[[ Input material open ]]

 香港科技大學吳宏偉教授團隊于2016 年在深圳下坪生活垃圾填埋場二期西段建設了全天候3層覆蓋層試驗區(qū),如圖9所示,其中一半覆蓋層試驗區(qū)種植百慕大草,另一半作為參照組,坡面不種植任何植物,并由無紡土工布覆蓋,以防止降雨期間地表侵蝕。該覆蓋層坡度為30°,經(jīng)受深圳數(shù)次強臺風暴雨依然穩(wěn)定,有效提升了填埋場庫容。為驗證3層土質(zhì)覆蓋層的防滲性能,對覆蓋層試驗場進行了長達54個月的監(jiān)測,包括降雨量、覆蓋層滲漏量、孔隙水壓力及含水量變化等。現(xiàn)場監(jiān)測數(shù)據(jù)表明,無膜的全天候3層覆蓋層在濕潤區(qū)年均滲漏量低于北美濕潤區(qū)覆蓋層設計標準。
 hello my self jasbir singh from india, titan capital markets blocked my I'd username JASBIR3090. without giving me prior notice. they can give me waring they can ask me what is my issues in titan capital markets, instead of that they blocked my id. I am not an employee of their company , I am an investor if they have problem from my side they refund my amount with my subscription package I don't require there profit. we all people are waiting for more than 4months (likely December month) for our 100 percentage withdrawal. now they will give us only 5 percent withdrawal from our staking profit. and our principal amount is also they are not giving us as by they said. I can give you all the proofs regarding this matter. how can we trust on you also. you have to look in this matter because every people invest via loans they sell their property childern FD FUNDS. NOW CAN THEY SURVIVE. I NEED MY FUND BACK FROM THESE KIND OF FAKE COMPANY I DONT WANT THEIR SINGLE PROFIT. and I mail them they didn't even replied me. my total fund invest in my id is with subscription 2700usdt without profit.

[[ Input material closed ]]
[[ Input material open ]]

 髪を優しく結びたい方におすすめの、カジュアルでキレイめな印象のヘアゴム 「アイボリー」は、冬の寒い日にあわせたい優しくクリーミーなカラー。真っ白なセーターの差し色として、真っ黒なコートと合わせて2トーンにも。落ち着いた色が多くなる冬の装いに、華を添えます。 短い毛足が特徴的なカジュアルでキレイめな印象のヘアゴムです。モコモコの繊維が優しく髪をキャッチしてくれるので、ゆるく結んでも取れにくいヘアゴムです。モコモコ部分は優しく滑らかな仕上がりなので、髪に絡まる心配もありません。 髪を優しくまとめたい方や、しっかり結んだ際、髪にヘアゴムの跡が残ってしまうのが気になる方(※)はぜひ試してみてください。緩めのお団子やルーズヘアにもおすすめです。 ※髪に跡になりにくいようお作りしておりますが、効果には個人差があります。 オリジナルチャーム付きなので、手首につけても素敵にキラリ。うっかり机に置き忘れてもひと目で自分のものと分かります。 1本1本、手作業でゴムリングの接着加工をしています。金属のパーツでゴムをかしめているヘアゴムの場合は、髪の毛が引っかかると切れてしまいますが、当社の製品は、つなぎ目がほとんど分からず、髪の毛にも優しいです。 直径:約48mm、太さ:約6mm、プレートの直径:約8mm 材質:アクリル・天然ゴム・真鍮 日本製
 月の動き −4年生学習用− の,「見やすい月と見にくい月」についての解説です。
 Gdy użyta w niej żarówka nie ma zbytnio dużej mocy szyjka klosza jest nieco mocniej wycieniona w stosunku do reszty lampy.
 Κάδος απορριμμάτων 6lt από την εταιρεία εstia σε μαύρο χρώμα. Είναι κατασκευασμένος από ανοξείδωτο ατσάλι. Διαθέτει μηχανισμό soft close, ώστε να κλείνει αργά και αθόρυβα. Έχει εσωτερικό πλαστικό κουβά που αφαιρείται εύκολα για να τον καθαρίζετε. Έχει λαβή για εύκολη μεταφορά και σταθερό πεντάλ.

[[ Input material closed ]]

Please return only the lines above, starting at the line that has "月の動き −4年生学習用− の,「見やすい月と見にくい月」についての解説です。" and ending at the line that has "Κάδος απορριμμάτων 6lt", keeping both and leaving each one unchanged.

 月の動き −4年生学習用− の,「見やすい月と見にくい月」についての解説です。
 Gdy użyta w niej żarówka nie ma zbytnio dużej mocy szyjka klosza jest nieco mocniej wycieniona w stosunku do reszty lampy.
 Κάδος απορριμμάτων 6lt από την εταιρεία εstia σε μαύρο χρώμα. Είναι κατασκευασμένος από ανοξείδωτο ατσάλι. Διαθέτει μηχανισμό soft close, ώστε να κλείνει αργά και αθόρυβα. Έχει εσωτερικό πλαστικό κουβά που αφαιρείται εύκολα για να τον καθαρίζετε. Έχει λαβή για εύκολη μεταφορά και σταθερό πεντάλ.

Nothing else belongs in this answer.